Proteomic analysis of rat plasma with experimental autoimmune uveitis based on label-free liquid chromatography–tandem mass spectrometry (LC–MS/MS)

• We have developed and validated a rapid, sensitive and accurate LC–MS/MS method to quantify proteins in rat plasma.
• There was a good resolution for peptides for all samples using LC–MS/MS determination.
• Plasma samples in both EAU and control groups have a good correlation between each other when determined by LC–MS/MS.

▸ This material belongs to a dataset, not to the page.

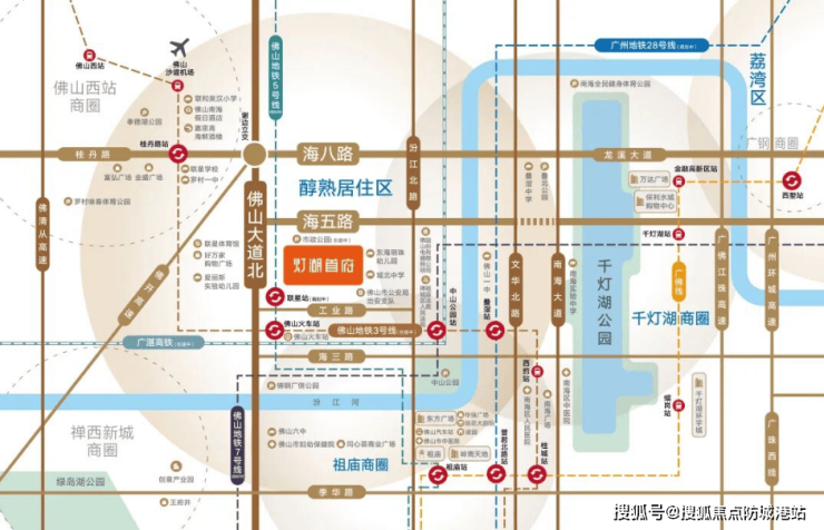 项目位于海五西路与佛山大道北交汇处,距离佛山地铁3号线(在建中)佛山火车站约1公里,未来还将有佛山5号线、7号线以及广州28号线等多条地铁线贯穿而过,交通网络十分发达。此外,项目紧邻规划中的广湛高铁佛山站,预计将成为广东首个站城一体枢纽,大大缩短了到达广州的时间,为居民提供了便捷的出行条件。

Uveitis is a severe autoimmune eye disease that can cause intraocular inflammation even lead to severe vision loss, and the occurrence of uveitis can be closely associated with abnormal expression of proteins. However, the abnormally expressed proteins involved in uveitis are not well identified. Using liquid chromatography–tandem mass spectrometry technique, we examined the alterations in proteomic expression profiling in rat plasma specimens related to experimental autoimmune uveitis (EAU) versus normal samples. In addition, the experimental verification was further performed using enzyme-linked immunosorbent assay (ELISA) for abnormally expressed proteins in EAU rat plasma. The results indicate that 62 proteins were upregulated and 106 proteins were downregulated in plasma from EAU rats compared with those in saline-treated samples. In the meantime, we observed that the plasma level of complement component 3 in EAU rats was upregulated versus saline-treated rats (from 92.32 μg/mL to 168.92 μg/mL), whereas the level of interleukin-1 receptor accessory protein was downregulated (from 1120.97 pg/mL to 798.39 pg/mL), and these results were highly in agreement with those of mass spectrometry determination. Taken together, our results indicate that liquid chromatography–tandem mass spectrometry analysis possesses a good resolution for peptides in plasma, and the findings will provide the baseline plasma dataset for EAU rats and the relevant information can contribute to future studies on the understanding the mechanism of uveitis.